Written by a friend, with additions by Brian Tomasik
First written: 2 Aug. 2012; last update: 26 Nov. 2016

Summary

Two commonly cited types of aquatic environmental degradation are pollution by fungicides (e.g., chlorothalonil) and excess plant growth (i.e., eutrophication). This paper examines the impacts of these conditions on the suffering of wild animals. Both chlorothalonil and eutrophication decrease populations of complex animals, so prima facie, they should decrease wild-animal suffering. However, it would be expected that increasing primary productivity would increase the total biomass of animals in an ecosystem. Even if chlorothalonil and eutrophication decrease the populations of large animals, it seems that other species would fill these niches. The question, then, is how much weight should be given to the sentience of invertebrates such as macroarthropods. In addition, chlorothalonil may have other negative effects, such as increased disease.
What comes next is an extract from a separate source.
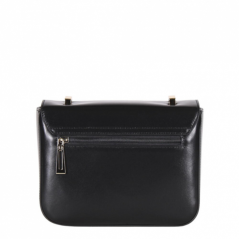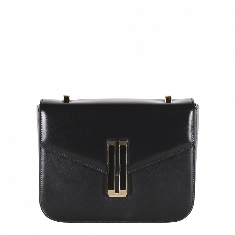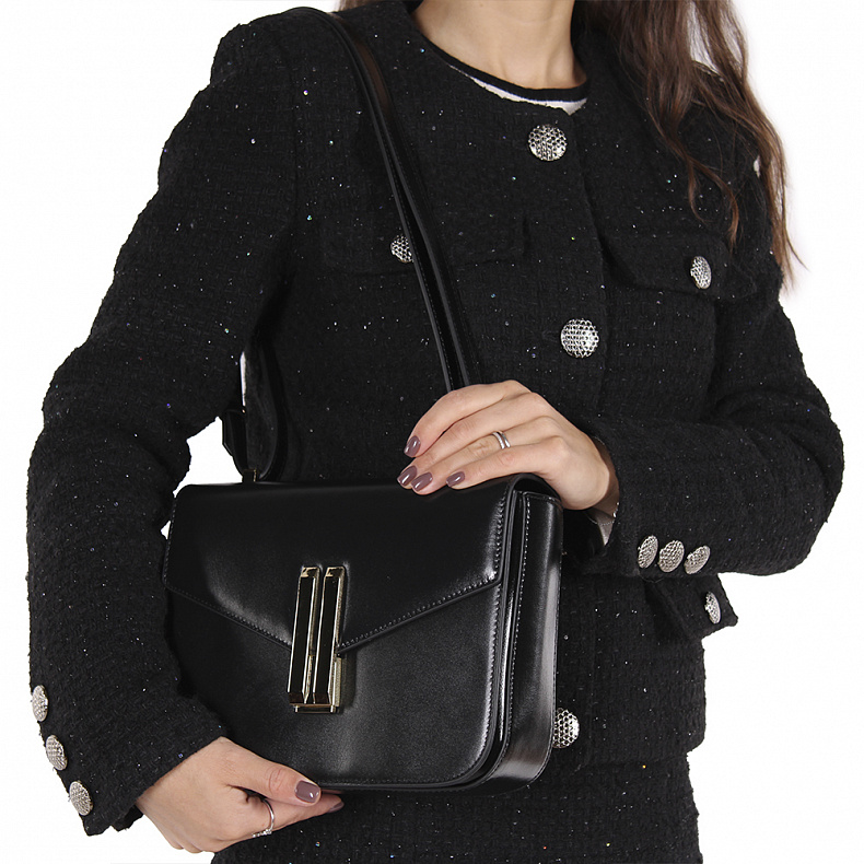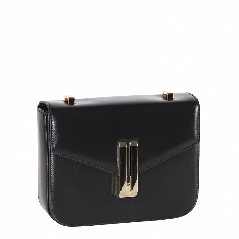Сумка кросс-боди, выполнена из натуральной кожи. Декорирована застежкой на клапане. Дополнена золотистой фурнитурой. Данная модель закрывается на клапан. Каркас полужесткий. Носится на плече. встроенный ремень регулируется по длине.

See also "How Eutrophication Affects Freshwater Invertebrate Populations".

Introduction

Many human interventions in nature have caused more mortality in higher trophic levels than in lower ones. There are several ways this can occur. For example, large predators such as wolves have been intentionally killed in the US. Another cause is biomagnification, the process in which toxins or pollutants become more concentrated in higher levels of the food chain. Finally, external stressors and unstable environments can lead to an increase in fast-reproducing r-selected species at the expense of the larger, more complex K-strategists, which tend to occupy higher levels of the food chain. Since the animals at higher levels of the food chain seem more likely to be conscious, it might appear that exterminating them would on the whole reduce wild-animal suffering. On the other hand, if this results in an increase in population at lower levels of the food chain, it is not so clear what the net effects are. The population at lower trophic levels is often orders of magnitude greater than that at higher ones, so the total suffering of lower organisms could be very great. In addition, the r-selected species at lower trophic levels have very high mortality. Of course, at some point the probability of consciousness becomes virtually zero. For example, it is almost certainly good to increase fungi life at the expense of animal life when such a tradeoff is available. Yet in most cases, the low trophic levels will have a large impact on total suffering and must be factored into environmental decisions. The following two case studies demonstrate anthropogenic change to species balance in ecosystems and discuss implications for wild-animal suffering.

Fungicides

Chlorothalonil was the third-most commonly used fungicide in the US in 1997 (Gianessi, 2000). It is a broad-spectrum agent, which means that it affects many different species. In many animals it binds to glutathione, disrupting cellular respiration (McMahon, 2012). It is toxic to shrimp, insects, and fish at the peak expected environmental concentration (EEC) of 164 micrograms per liter (Caux, 1996; Grabusky, 2004). In addition, it kills aquatic invertebrates (Litchfield, 1996), amphibians, gastropods, and zooplankton (McMahon, 2011). The physiological effects are wide-ranging and include gill damage and severe anemia in fish and immobilization of crab larvae and water fleas (Cox, 1997). Some organisms are killed relatively quickly. For example, most amphibians die within a twenty-four hour exposure (McMahon, 2011). In these cases it may decrease net suffering, mostly by preventing the existence of future generations. This is also achieved more humanely through the suppression of eggs laid and number of hatchlings per egg (Litchfield, 1996). However, in other animals it may cause suffering without death, by reducing immune function in fish and oysters, for example (Baier-Anderson, 2000; Shelley, 2009). Parasitism and chronic disease might lead to increased suffering. Still, it seems that overall chlorothalonil decreases suffering among the organisms it affects.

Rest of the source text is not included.